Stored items
▼

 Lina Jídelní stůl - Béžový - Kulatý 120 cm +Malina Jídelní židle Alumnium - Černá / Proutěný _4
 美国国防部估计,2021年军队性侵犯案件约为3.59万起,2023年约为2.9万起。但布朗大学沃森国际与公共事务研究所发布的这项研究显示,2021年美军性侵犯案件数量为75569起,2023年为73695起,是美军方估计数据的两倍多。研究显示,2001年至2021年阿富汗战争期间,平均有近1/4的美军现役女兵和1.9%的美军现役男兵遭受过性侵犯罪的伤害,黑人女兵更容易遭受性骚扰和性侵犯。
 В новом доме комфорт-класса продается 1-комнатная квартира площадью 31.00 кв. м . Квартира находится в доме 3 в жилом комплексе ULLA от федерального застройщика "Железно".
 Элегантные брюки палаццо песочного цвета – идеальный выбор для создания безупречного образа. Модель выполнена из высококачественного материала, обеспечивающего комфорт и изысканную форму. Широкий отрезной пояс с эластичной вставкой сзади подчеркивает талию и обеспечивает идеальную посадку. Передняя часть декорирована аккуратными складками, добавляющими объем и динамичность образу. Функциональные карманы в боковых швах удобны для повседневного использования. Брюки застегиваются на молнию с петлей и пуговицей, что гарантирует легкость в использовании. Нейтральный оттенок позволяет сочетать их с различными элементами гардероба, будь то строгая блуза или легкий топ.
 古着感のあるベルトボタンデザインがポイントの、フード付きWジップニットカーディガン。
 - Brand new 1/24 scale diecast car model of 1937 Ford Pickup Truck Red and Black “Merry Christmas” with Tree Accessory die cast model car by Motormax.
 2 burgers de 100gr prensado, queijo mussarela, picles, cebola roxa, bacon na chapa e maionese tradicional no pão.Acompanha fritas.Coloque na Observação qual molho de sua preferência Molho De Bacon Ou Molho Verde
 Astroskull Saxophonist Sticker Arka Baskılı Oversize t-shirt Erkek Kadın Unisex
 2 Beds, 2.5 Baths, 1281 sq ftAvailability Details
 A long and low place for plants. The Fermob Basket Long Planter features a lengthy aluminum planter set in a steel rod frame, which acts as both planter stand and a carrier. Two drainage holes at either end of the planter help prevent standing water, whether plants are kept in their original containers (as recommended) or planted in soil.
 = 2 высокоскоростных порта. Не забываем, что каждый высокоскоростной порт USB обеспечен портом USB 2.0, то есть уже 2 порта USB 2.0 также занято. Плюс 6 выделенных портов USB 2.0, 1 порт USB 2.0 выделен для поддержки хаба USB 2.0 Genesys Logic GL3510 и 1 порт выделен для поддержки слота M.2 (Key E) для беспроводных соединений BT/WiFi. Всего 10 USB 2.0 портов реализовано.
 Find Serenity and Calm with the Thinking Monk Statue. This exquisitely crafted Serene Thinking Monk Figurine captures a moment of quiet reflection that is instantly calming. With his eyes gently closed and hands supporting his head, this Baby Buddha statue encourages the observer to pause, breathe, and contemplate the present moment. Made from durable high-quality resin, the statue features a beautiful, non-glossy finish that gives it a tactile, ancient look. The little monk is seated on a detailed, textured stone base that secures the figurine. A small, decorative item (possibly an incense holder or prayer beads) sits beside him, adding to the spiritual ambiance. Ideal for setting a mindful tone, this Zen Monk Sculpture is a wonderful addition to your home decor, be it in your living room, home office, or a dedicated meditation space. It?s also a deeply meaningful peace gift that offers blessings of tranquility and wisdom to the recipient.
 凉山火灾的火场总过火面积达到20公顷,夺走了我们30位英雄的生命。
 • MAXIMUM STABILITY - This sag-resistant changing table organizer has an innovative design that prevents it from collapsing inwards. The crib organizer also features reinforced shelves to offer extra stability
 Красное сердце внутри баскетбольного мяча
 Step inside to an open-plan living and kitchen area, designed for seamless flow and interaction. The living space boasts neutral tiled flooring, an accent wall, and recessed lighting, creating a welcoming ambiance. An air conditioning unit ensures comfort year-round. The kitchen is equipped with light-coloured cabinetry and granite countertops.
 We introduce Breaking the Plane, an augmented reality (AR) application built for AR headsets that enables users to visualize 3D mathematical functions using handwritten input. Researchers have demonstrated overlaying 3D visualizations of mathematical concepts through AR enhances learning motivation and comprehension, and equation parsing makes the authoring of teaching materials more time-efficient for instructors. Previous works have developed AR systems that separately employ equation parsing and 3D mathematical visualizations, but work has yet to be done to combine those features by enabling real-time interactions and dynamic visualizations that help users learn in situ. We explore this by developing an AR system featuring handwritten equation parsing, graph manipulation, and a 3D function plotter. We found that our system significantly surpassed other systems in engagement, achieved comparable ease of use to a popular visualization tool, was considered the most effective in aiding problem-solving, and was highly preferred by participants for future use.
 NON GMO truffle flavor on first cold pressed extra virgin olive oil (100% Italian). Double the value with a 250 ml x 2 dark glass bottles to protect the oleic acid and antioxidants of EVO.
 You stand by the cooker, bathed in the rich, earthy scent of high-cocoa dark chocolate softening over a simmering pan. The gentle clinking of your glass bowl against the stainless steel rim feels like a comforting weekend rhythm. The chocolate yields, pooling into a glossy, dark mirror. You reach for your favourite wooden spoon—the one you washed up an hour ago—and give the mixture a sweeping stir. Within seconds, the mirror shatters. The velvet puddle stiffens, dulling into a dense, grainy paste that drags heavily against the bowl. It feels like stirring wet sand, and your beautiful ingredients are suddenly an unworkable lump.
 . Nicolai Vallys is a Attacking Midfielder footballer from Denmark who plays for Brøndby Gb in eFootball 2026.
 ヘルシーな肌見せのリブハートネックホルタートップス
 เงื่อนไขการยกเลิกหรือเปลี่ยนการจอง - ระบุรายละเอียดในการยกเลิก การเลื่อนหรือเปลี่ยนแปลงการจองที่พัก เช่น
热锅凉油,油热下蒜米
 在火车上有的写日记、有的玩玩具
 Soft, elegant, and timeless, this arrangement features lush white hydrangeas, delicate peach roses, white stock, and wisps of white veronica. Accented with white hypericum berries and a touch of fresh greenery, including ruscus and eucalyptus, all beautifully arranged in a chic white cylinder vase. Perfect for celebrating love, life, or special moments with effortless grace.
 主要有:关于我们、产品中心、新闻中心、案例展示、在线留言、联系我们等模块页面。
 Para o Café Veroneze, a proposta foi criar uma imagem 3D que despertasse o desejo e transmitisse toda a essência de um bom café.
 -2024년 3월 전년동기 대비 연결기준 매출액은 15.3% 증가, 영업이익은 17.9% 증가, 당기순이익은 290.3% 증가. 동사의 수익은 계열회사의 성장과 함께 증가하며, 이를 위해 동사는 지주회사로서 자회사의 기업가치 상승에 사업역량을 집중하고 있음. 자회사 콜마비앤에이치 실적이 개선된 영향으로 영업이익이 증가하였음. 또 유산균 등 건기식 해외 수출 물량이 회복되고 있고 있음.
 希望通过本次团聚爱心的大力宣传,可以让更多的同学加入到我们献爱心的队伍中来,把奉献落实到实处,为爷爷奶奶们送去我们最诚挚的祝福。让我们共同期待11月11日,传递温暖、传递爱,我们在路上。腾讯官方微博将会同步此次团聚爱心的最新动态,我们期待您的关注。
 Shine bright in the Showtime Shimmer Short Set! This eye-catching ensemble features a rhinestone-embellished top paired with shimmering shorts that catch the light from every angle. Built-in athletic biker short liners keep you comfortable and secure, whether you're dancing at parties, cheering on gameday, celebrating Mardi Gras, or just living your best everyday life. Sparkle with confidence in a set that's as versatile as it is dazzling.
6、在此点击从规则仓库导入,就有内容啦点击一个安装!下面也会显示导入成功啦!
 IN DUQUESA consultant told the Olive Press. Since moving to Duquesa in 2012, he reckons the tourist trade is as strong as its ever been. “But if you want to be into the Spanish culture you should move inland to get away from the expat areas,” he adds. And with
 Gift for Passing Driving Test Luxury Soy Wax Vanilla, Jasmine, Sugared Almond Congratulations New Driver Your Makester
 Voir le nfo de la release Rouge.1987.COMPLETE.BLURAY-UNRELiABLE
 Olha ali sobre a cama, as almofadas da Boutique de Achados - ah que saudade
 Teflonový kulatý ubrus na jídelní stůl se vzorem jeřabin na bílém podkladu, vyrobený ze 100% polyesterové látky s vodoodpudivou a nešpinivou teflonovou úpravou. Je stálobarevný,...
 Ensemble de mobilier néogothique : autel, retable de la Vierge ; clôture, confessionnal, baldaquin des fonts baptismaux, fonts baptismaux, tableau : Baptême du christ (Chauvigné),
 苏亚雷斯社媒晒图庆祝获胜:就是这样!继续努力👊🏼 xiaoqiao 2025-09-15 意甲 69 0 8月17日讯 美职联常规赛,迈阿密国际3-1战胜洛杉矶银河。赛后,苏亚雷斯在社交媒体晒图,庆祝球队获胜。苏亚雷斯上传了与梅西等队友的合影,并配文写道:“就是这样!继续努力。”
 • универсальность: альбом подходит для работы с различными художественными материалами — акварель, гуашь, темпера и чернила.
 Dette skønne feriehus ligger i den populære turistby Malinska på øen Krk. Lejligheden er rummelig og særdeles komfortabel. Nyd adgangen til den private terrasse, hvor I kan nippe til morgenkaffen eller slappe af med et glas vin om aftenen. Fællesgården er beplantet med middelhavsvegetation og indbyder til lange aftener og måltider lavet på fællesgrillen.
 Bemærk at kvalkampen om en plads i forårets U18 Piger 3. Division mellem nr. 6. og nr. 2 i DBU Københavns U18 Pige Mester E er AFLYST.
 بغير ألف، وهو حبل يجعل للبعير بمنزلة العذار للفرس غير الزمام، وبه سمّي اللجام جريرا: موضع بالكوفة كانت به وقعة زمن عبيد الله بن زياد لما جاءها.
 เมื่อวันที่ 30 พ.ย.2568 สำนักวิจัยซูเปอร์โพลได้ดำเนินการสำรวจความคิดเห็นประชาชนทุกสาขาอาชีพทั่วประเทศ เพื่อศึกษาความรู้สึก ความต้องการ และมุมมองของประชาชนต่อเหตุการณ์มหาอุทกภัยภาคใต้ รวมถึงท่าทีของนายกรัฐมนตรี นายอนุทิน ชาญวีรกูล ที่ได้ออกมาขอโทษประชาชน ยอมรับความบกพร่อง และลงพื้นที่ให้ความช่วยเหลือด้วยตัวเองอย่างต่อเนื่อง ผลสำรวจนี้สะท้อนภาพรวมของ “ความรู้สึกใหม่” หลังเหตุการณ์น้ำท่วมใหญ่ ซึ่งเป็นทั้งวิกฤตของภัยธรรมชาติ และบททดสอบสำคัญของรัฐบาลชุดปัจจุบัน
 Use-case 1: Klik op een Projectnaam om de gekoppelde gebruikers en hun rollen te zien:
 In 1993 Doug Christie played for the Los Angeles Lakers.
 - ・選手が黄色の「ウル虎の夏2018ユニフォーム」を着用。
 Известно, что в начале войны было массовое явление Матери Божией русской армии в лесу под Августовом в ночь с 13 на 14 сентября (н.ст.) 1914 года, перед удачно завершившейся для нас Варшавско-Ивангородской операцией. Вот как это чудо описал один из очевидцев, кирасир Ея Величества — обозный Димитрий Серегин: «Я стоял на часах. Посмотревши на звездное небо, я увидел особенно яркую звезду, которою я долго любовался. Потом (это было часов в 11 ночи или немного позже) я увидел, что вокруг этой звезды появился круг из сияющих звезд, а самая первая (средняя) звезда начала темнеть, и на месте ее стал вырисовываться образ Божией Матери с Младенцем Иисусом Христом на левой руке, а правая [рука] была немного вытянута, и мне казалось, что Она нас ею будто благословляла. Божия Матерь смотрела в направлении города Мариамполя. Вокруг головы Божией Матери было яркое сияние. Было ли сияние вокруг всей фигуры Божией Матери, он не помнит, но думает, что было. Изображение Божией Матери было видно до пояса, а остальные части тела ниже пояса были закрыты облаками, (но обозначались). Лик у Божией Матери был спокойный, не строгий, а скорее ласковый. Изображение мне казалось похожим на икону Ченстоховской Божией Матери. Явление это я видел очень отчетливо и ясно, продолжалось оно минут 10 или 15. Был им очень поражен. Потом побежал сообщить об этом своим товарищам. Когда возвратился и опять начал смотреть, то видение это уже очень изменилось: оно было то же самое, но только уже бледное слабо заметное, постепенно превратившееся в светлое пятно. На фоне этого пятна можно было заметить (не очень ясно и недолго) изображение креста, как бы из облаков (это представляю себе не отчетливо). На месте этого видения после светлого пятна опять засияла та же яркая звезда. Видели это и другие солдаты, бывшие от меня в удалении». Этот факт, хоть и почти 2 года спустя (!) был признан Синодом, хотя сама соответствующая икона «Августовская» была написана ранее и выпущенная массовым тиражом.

▲

## WORK REQUIRED
Exactly as written, please reproduce the lines from the first line of the data to the line containing "В новом доме", inclusive, and nothing else.

## RESULT FOR THIS TASK
 Lina Jídelní stůl - Béžový - Kulatý 120 cm +Malina Jídelní židle Alumnium - Černá / Proutěný _4
 美国国防部估计,2021年军队性侵犯案件约为3.59万起,2023年约为2.9万起。但布朗大学沃森国际与公共事务研究所发布的这项研究显示,2021年美军性侵犯案件数量为75569起,2023年为73695起,是美军方估计数据的两倍多。研究显示,2001年至2021年阿富汗战争期间,平均有近1/4的美军现役女兵和1.9%的美军现役男兵遭受过性侵犯罪的伤害,黑人女兵更容易遭受性骚扰和性侵犯。
 В новом доме комфорт-класса продается 1-комнатная квартира площадью 31.00 кв. м . Квартира находится в доме 3 в жилом комплексе ULLA от федерального застройщика "Железно".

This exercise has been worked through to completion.